#### Material

A board divided like the Addition Strip Board in size and number of squares, however:

The horizontal numbers are 1 to 9 in blue, and 10 to 18 in red.

A blue vertical line after the 9 divides the board.

A set of red and blue strips from 1 to 9, like those in the Addition Strip Board.

A set of varnished strips from 1 to 17 squares in length, unmarked.

Pages for combinations, either loose or in 18-sheet booklets.

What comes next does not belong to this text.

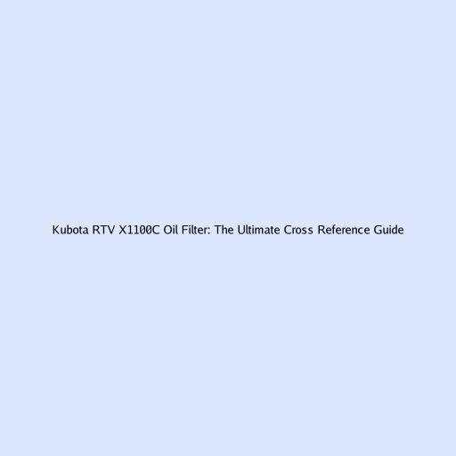 Kubota RTV X1100C Oil Filter: The Ultimate Cross Reference Guide
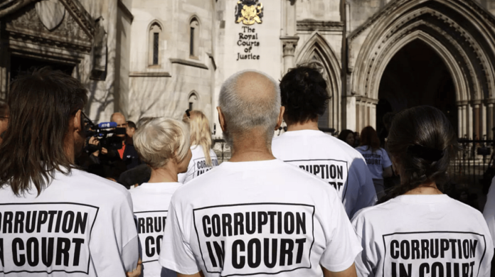 Carr kararı okurken, yaklaşık 20 aktivist ayağa kalktı ve arkasında “Mahkemede Yolsuzluk” yazan tişörtler giydiklerini ortaya çıkarmak için arkasını döndü.

Booklet pages may show essential combinations such as:

18 – 9 = 17 – 9 = 16 – 9 = | 17 – 8 = 16 – 8 = | 16 – 7 = |

#### Presentation

##### Introduction

- Invite the child to the lesson.
- Show him the subtraction strip board.
- Point out the box of varnished strips
- Ask him to bring the board to the table.
- Bring the red and blue strips, underlay, and box of varnished strips.
- Ask the child to place the blue strips and how there are no numbers on them.
- Briefly talk about the varnished strips and how there are no numbers on them.
- Show the child where to place the varnished strips, longest first, at the top right of the table.
- Place the second longest strip underneath the previous strip; strips aligned to the right.
- Ask the child to place the rest of the varnishes strips.
- “We’ve seen a board very similar to this one, remember? But this one has 1 to 9 in blue with a blue line here in the middle, and 10 to 18 in red.”
- “We can use these strips to cover up the numbers.”
- Place a varnished strip on the red numbers, aligned right, emphasize the right alignment.
- “What number is left?”
- Point to the number that’s immediately to the left of the varnished strip, such as 7: “Right, seven!”
- “If I want to make a ten, I wonder what I would have to cover!”
- Start at 10 on the board, and count the eight boxes to the right of 10.
- “Eight.”
- Point to the bottom of the varnished strip stair, and count one strip at a time until you reach the 8th strip.
- Place the 8th strip over the red numbers aligned right.
- “See, there’s 10!”
- Put the strip back and replace it with a random strip on the board, for example: “We now have thirteen!”
- Place a blue strip adjacent to the varnished strip, in this example, the blue strip of 5.
- “Thirteen, take away five is…eight! There’s eight!”
- Repeat this process with random varnished strips and taking away a number a few more times, then ask the child to do it.

##### Presentation

- Continue from the introduction on the same day.
- “I have some paper we can use for this, let me show you!”
- Show the child the ‘subtraction table of ___” papers.
- Ask the child to bring a few papers, one underlay and one pencil on a tray.
- “We’re going to start with the table of 18. Can you write an 18 in this blank spot here?”
- “If we are doing eighteen, do we need to cover anything up with a varnished strip? No, we don’t, there’s nothing to cover!”
- Let’s do the first problem. It says eighteen minus nine; you can do that!”
- Wait for the child to place a blue strip of 9 aligned to the right on the board.
- “What’s the answer? Right, nine!”
- Wait for the child to write the answer down.
- “Eighteen minus nine equals nine!”
- “What’s next? Eighteen minus eight, go ahead!”
- Repeat this process for eighteen minus eight.
- Once the child discovers the answer, say:

“Oh, that answer is right! But you know what? We don’t need answers that are in red! So, we are all done with the table of 18!” - Repeat this process for the table of 17 and the table of 16.
- “We can use subtraction chart 1 to check the answers!”
- Once the child is done, show him how to place the varnished strips back, longest first on the wall of the box which is closest to you.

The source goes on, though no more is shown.